Dans un des dossiers, Hendricks s’en est sorti avec deux ans de prison (au lieu de vingt) pour un « viol » requalifié, à sa demande, d’agression sexuelle – la même peine reçue par sa victime pour possession illégale d’une pilule de méthadone.
Au Texas, une femme a plus de chances d’aller en prison pour consommation de drogue qu’un homme pour viol.

 

En 2013, Nicholas Socias [assistant du procureur, âgé de 27 ans] s’est penché sur les différents rapports de police et procès de Hendricks [arrêté une nouvelle pour le viol d’une jeune fille bipolaire de 22 ans, Jenny] et a été outré ce que les dossiers révélaient: Un homme incroyablement violent avec plusieurs accusations de viols qui n’ont eu aucune répercussion sur lui.
« C’était impossible d’avoir arrêté cet homme autant de fois et de l’avoir relâché et qu’il viole à nouveau. »

 

Pour s’assurer que cette jeune femme, atteinte de troubles bipolaire, puisse témoigner au procès, Mr Socias a demandé à ce qu’elle soit prise en charge par le bureau du procureur – pensant qu’elle se serait soignée dans un hôpital. Elle a terminé en prison pendant 27 jours.
Finalement le travail périlleux du jeune procureur paiera, Jenny a réussi à convaincre le jury qui a condamné Hendricks à la prison à vie. Jenny elle a porté plainte contre la ville de Houston pour la violation de ses droits et une incarcération illégale.

 

* « Serial indifference » in 4 chapters de Anita Hassan – Houston Chronicle

Houston Chronicle: « 55 Minutes »

Lors du Memorial Day weekend, en mai dernier, Houston, la première ville du Texas, a été le théâtre d’un mass shooting près d’une station de lave-auto au cours de laquelle 212 balles ont été tirées, tuant une personne et en blessant six.

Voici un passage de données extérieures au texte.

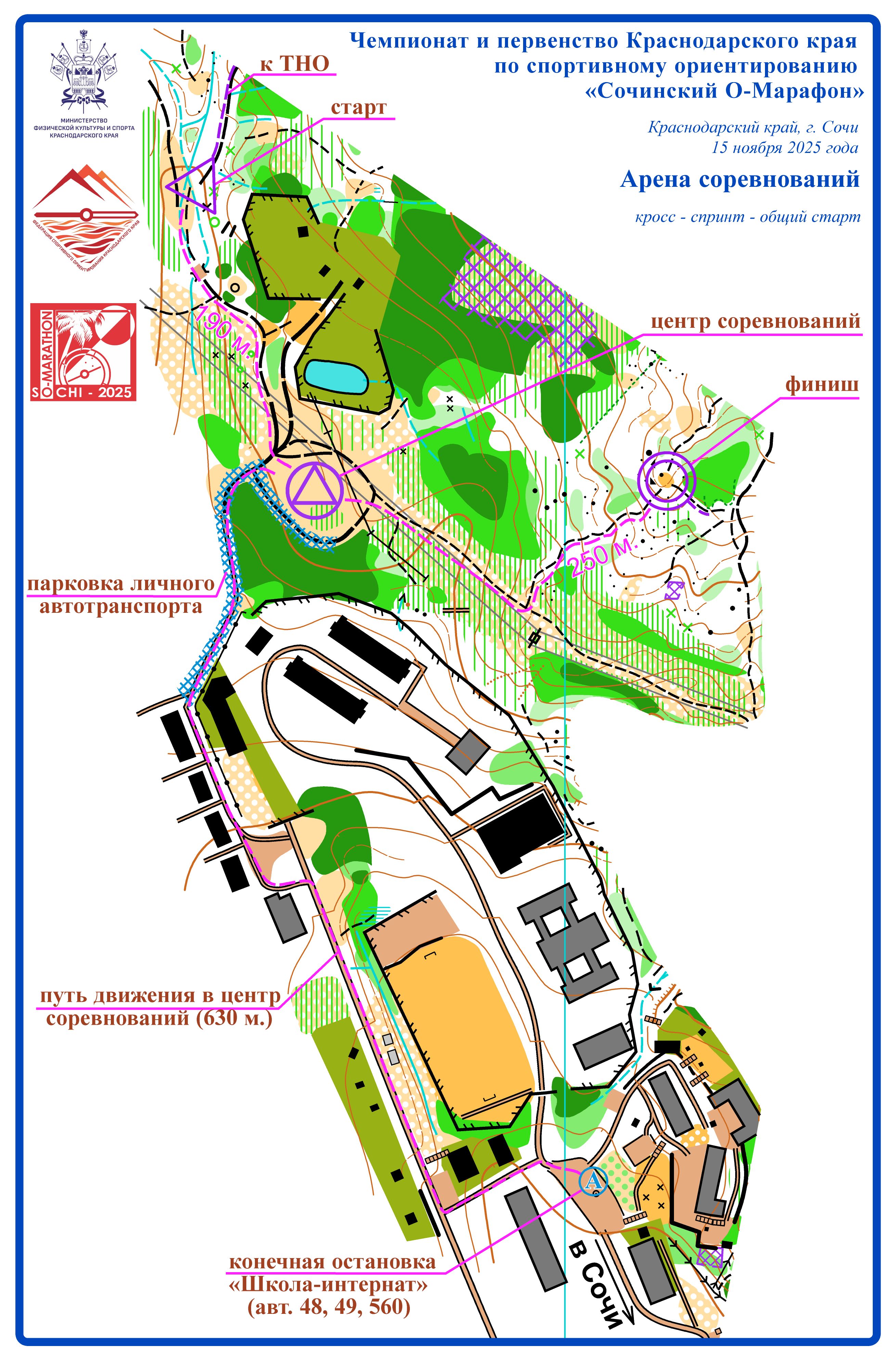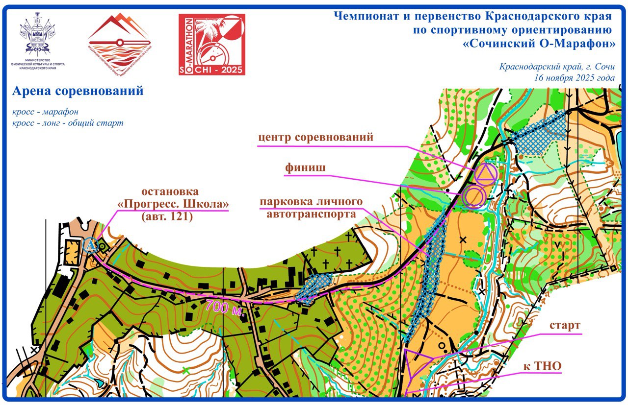 15 и 16 ноября 2025 года в г. Сочи на картах м-на Кудепста и с. Прогресс состоялись Чемпионат и первенство Краснодарского края по спортивному ориентированию «Сочинский О-Марафон» в дисциплинах "кросс-спринт-общий старт" и "кросс-лонг-общий старт".

Le Houston Chronicle consacre un reportage en trois parties à ce fais divers qui a choqué une communauté, qui avait été jusqu’ici épargné par cette forme de violence.

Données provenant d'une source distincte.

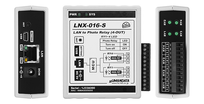 LNX-016シリーズは、簡単な制御コマンドによりLAN(有線ネットワーク)経由で、4つのPhotoリレーのON/OFF出力が可能な製品です。最大4台までのマルチ接続に対応しており、複数のPCから出力機器を制御することもできます。PoE(Power over Ethernet)対応モデルやワイド電源対応モデルなど、電源供給の仕様に応じて選択できる3型をラインナップしています。

Lorsque les premiers coups de feu ont retenti vers 10 heures 15 du matin, un voisin a immédiatement appelé la police en leur précisant qu’un SWAT team, l’unité d’élite était nécessaire pour contenir le tireur, muni d’un pistolet et d’une mitraillette AR-15. Après redirigé une trentaine de voitures pour leur éviter de croiser les tirs du tueur, il est allé cherche son fusil prêt à en découdre avec le forcené.

A ce moment là, un homme de 56 ans a déjà été tué d’une balle en pleine tête et quatre personnes sont blessées.

A travers les témoignages de plusieurs témoins, dont certains ont essayé d’en découdre directement avec le tueur, équipés de leur propre armes, d’autres qui ont frôlé la mort, se déroule une chronique de la violence quasi-ordinaire qui se déroule quotidiennement aux Etats-Unis.

Après 55 minutes de coups de feu, une équipe du SWAT postée sur un toit a abattu le tireur de 4 balles. Il s’appelait Dionision Garza III, 25 ans, ancien sergent de l’armée, originaire de San Bernardino County – où un massacre sept mois plus tôt a fait 14 morts et 22 blessés. (A lire le reportage du New Yorker dessus)

« Dans les semaines qui mené à la fusillade, Garza est devenu obsédé par une haine du gouvernement et l’idée que le monde arrivait à sa fin. Sa famille pensait qu’il souffrait de troubles de stress post-traumatiques » à la suite de son déploiement en Afghanistan, quelques années plus tôt.

Deux semaines après cette fusillade, c’est Orlando qui a été victime du massacre le plus important de ces dernières décennies, 49 morts dans la boite de nuit du Pulse; au mois de juillet, ce sont cinq officiers de police de Dallas qui sont tombés sous les balles d’un autre forcené. Enfin, au mois septembre, Houston à été touchée à nouveau, avec un bilan de « seulement » neuf blessés: un avocat a tiré au hasard sur des voitures pendant presque vingt minutes avant de se donner la mort.